Num relato sem rodeios e recheado de episódios tensos e dramáticos, Kika Seixas expõe a intimidade de seu casamento com o roqueiro baiano


05/07/2021 04:00 - atualizado 05/07/2021 07:28

Raul Seixas em sessão fotográfica para o ''Estado de Minas'', em 1981
Raul Seixas em sessão fotográfica para o ''Estado de Minas'', em 1981 (foto: Kao Martins/Arquivo EM)

Um dos baús mais bem guardados de todos os baús deixados por Raul Seixas (1945-1989), as memórias de Kika Seixas, casada com o artista baiano entre 1979 e 1984 e com quem teve a filha Vivian Seixas, renderam um importante livro aos fãs e pesquisadores da música brasileira. 

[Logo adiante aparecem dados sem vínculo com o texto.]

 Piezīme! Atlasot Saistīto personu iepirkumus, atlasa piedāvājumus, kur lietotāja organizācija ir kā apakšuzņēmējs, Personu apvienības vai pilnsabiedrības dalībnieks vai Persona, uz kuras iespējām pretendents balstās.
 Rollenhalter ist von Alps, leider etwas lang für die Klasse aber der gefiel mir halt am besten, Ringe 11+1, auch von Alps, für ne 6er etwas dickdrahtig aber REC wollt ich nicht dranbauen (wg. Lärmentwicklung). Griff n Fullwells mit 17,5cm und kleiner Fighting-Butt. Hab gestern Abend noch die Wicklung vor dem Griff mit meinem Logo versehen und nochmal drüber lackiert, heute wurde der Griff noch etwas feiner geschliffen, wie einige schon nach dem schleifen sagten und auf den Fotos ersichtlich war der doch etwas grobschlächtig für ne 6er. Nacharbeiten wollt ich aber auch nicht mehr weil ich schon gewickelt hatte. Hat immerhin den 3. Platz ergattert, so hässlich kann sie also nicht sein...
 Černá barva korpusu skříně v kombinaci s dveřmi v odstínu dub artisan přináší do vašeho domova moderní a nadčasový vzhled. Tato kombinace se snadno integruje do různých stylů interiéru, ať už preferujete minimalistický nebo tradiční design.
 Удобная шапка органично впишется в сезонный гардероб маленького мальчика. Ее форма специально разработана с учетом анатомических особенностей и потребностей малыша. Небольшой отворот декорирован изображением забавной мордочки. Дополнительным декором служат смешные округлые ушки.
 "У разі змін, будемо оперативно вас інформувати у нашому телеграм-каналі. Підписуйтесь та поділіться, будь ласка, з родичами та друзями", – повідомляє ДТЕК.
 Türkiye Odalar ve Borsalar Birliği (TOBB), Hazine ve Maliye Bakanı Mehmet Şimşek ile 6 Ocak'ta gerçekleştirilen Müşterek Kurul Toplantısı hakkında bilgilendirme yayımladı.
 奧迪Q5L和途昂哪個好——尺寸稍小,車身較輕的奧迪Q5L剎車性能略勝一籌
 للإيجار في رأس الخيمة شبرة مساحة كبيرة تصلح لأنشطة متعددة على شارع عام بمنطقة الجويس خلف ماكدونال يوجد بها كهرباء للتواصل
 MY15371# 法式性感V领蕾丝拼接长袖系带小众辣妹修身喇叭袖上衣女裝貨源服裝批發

Apenas Kika pode falar com propriedade e emoção, para além de documentos, entrevistas e imagens nas quais outras biografias se baseiam, dos instantes íntimos de glórias e das muitas quedas de Raul, uma das personalidades mais complexas e desafiadoras do pop brasileiro, o ser que encerrou a mais perfeita tradução do espírito rock and roll em seus limites e entregas desde que os primeiros roqueiros começaram a surgir. Ninguém foi mais longe nisso por aqui do que Raul Seixas, conforme as memórias de Kika reforçam.

Antes da leitura, é bom não cair em uma querela semântica. “Coisas do coração”, o nome do livro, é, antes de ser uma nova biografia de Raul, uma autobiografia de Kika Seixas. Claro que as duas histórias se entrelaçam e correm juntas, mas a narrativa em primeira pessoa feita por Kika, em parceria e com ajuda no texto, apuração e organização de Toninho Buda, a torna mais íntima, dramática e sem o distanciamento diplomático que as biografias precisam ter de seus biografados. 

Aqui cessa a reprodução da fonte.